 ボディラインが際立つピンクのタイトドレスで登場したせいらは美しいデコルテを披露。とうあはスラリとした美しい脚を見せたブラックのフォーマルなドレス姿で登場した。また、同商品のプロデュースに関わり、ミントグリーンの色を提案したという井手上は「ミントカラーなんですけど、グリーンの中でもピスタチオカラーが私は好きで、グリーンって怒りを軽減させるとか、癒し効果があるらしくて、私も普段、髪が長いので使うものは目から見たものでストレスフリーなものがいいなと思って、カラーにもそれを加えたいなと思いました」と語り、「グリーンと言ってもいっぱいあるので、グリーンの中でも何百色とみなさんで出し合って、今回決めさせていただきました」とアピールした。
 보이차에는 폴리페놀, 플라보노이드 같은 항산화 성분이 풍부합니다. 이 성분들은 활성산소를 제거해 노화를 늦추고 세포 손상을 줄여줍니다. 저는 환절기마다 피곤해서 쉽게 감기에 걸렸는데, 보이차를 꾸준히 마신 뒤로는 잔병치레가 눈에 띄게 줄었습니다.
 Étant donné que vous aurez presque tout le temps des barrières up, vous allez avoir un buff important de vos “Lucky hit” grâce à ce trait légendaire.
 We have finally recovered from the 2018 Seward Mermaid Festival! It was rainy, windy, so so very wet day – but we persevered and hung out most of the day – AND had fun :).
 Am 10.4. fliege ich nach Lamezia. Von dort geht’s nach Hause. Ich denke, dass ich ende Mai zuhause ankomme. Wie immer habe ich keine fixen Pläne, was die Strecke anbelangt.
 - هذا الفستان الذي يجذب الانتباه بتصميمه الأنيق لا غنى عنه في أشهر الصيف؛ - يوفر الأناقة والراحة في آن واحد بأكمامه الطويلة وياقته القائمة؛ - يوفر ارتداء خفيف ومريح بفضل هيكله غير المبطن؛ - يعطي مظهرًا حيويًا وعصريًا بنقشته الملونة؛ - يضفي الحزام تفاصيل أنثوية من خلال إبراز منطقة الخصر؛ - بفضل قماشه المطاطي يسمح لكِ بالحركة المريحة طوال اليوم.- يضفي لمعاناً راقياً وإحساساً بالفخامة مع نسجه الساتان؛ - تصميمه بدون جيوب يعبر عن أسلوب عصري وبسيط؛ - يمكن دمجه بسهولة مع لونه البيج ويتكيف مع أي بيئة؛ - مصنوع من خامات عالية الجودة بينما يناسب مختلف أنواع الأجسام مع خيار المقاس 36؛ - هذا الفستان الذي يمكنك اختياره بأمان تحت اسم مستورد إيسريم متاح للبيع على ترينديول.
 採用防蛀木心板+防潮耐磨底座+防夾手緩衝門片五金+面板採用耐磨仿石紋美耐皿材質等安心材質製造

_Task details_
Using only the listing above, restate exactly the lines from the line containing "보이차에는 폴리페놀, 플라보노이드" through the line containing "Am 10.4. fliege", both included.

_Answer to the exercise_
 보이차에는 폴리페놀, 플라보노이드 같은 항산화 성분이 풍부합니다. 이 성분들은 활성산소를 제거해 노화를 늦추고 세포 손상을 줄여줍니다. 저는 환절기마다 피곤해서 쉽게 감기에 걸렸는데, 보이차를 꾸준히 마신 뒤로는 잔병치레가 눈에 띄게 줄었습니다.
 Étant donné que vous aurez presque tout le temps des barrières up, vous allez avoir un buff important de vos “Lucky hit” grâce à ce trait légendaire.
 We have finally recovered from the 2018 Seward Mermaid Festival! It was rainy, windy, so so very wet day – but we persevered and hung out most of the day – AND had fun :).
 Am 10.4. fliege ich nach Lamezia. Von dort geht’s nach Hause. Ich denke, dass ich ende Mai zuhause ankomme. Wie immer habe ich keine fixen Pläne, was die Strecke anbelangt.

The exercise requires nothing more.